The Trans-Atlantic Commute

All those city council members who grumble about having to go out in the evening to attend a monthly meeting can be thankful they don't have to fly eight hours to get there.
by | August 2000

All those city council members who grumble about having to go out in the evening to attend a monthly meeting can be thankful they don't have to fly eight hours to get there.

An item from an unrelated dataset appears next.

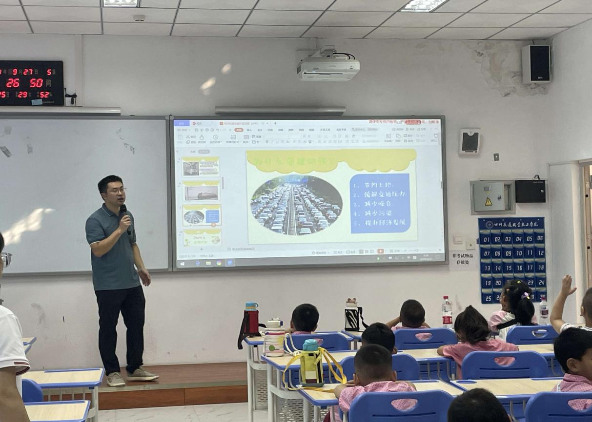 轨道系的唐杰老师向小朋友们介绍了城市轨道交通的发展历史、城市轨道交通乘坐安全事项等,让小朋友们对城市轨道交通有了基础的认识。
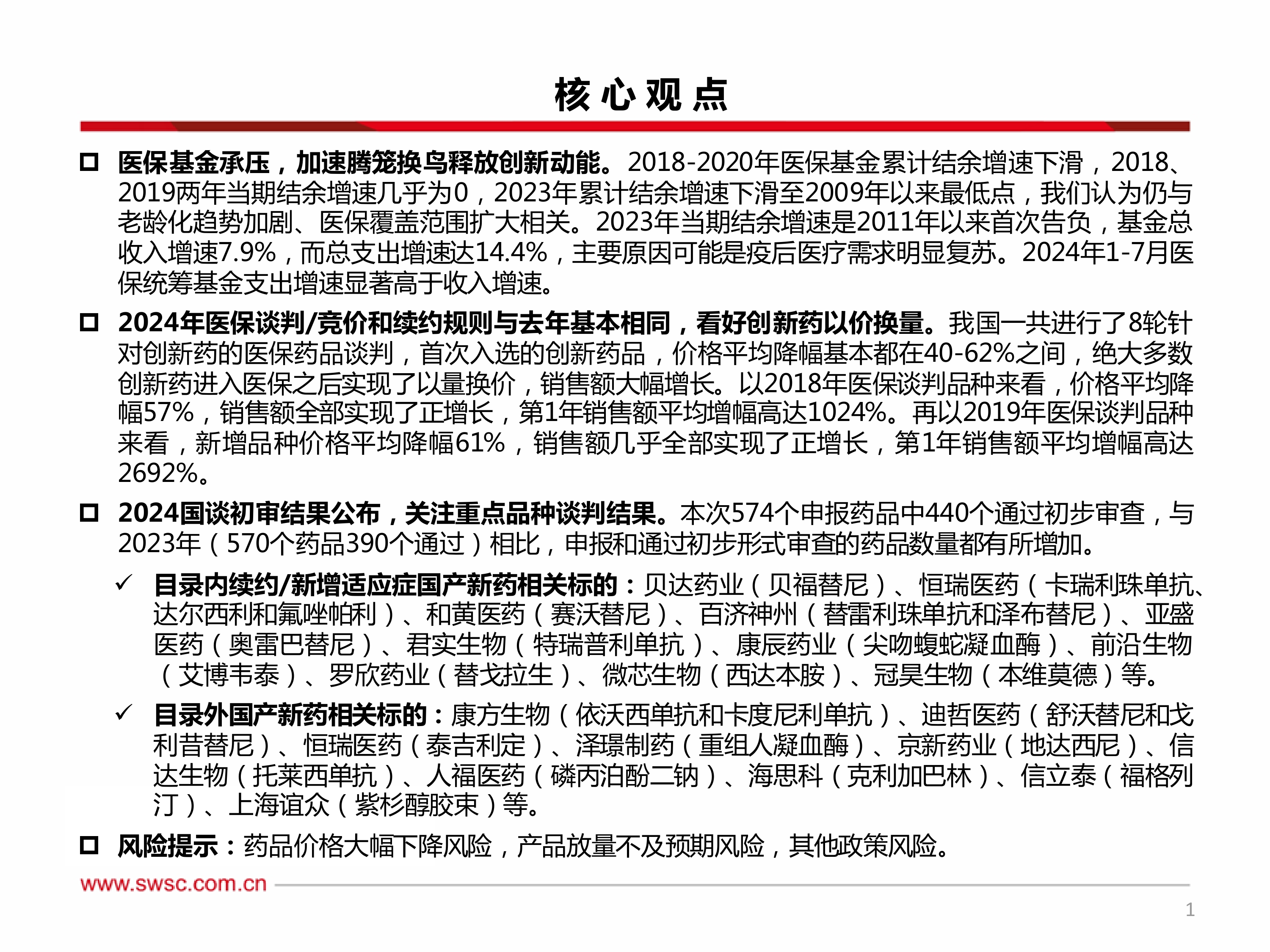本报告的核心观点是:2024年国家医保谈判在医保基金持续承压的背景下进行,谈判规则与去年基本相同,创新药仍有望通过“以价换量”实现销售额增长。报告分析了医保基金收支数据,预测了2024年医保谈判的走向,并重点关注了部分重点品种的谈判结果。

In February, Catherine Kernen, who was two years into her four-year term on the borough council in Collegeville, Pennsylvania, was transferred to Manchester, England, for business purposes. Rather than resign her post, however, Kernen decided to try to finish her term.

Since then, she has been scheduling business meetings back in the U.S. to coincide with the council's meeting schedule. Her employer, a pharmaceutical firm called AstraZeneca, foots the bill for her flights.

Although Kernen hopes that she will figure out a way to move back to Collegeville, while still keeping tabs on the company's British and Swedish workers, she has embraced her current situation. "They even have borough councils in the U.K," she says. "I follow everything, and it's exactly the same issues that they're having here as in Collegeville." She is taking a class on Swedish politics and watching the British grapple with suburban sprawl and traffic calming.

Kernen spends about 15 hours a week on council business, almost all of it on the Internet. She relies on e-mail for communication and reads local newspapers online. "You couldn't have done this a few years ago," she says.

So far, her constituents and colleagues seem satisfied with the arrangement. "If anyone asks me to, I'm happy to resign," she says. "I'll stay as long as I can add value."

Fellow council member Lee Leming, who exchanges e-mails with Kernen almost every day, notes, "We've had people on the council who lived in the borough and did less. It's what you make of it, no matter where you are."